EXHIBIT 10.74
AMENDMENT NUMBER FOUR TO
SECURED CONVERTIBLE PROMISSORY NOTE
THIS AMENDMENT NUMBER FOUR TO SECURED CONVERTIBLE PROMISSORY NOTE
(this
"AMENDMENT") is made and
entered into as of the 26th day of September, 2004, by
and between BRILLIANT DIGITAL
ENTERTAINMENT,
INC., a Delaware
corporation (the
"BORROWER"), and ___________
("HOLDER").
RECITALS
A. The
Company
has issued in favor of Holder a Secured
Convertible Promissory Note, dated as of December 19,
2001, in the original
principal amount of $______ which note has been amended by that certain
Amendment No.

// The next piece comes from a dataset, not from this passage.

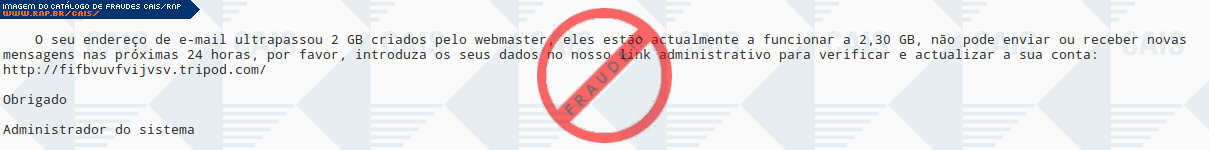 | comentário | O usuário recebe uma mensagem informando que a capacidade de armazenamento de sua conta de e-mail atingiu o limite sendo necessário uma atualização no link disponibilizado, entretanto a página é falsa criada para roubar os dados do e-mail da vítima. | |
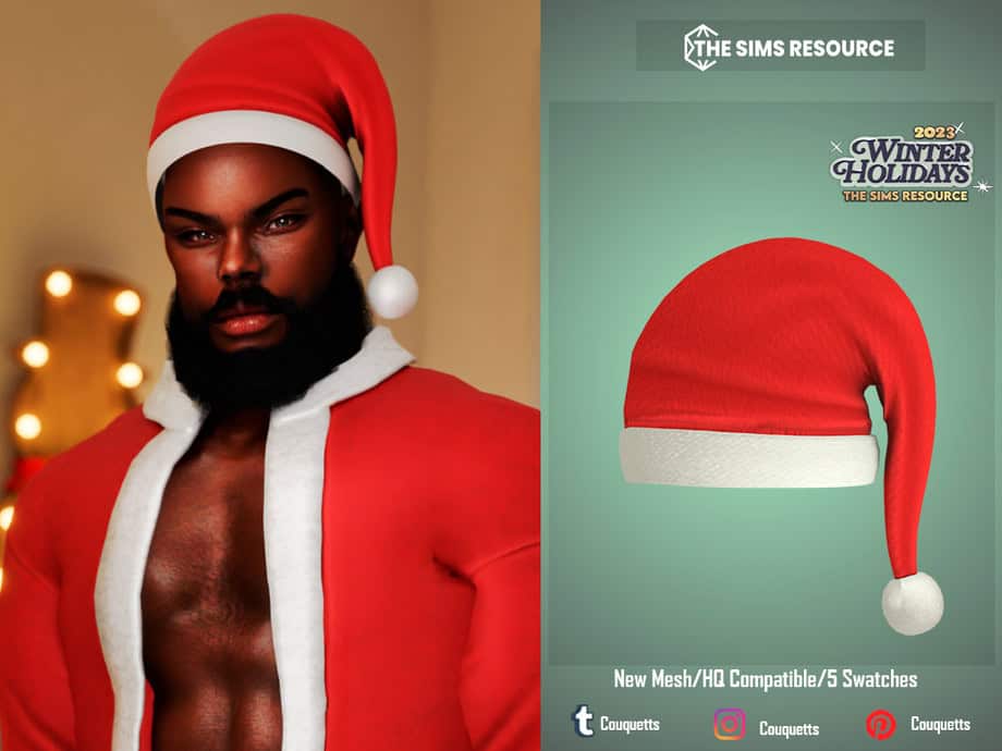 Complete your Sim’s Santa Claus outfit with this hat. It’s designed for both male and female Sims and comes in 5 swatches. The base-game compatible hat is for adults and comes with a custom thumbnail for easy identification in CAS.

One to Secured
Convertible Promissory Note, dated as of October 4,
2002, that certain
Amendment Number Two
to Secured Promissory
Note dated as of
December 31, 2003, and that
certain Amendment No.
Three to Secured
Convertible
Promissory Note, dated as of March 30, 2004 (as amended, the "CONVERTIBLE
NOTE").
B. The
Parties are delivering
this Amendment pursuant to that
certain Letter Agreement,
dated as of September 26, 2004.
C. The
Company and
Borrower each desire to further amend the
Convertible Note to change
the Maturity Date as provided herein.
AGREEMENT
NOW, THEREFORE,
in consideration of the foregoing and for good
and
valuable consideration, the receipt and sufficiency of which are hereby
acknowledged, Borrower and
Holder hereby agree as follows:
1.
DEFINITIONS.
Capitalized terms used
herein and not
defined
herein shall have the meanings given such terms in the Convertible Note.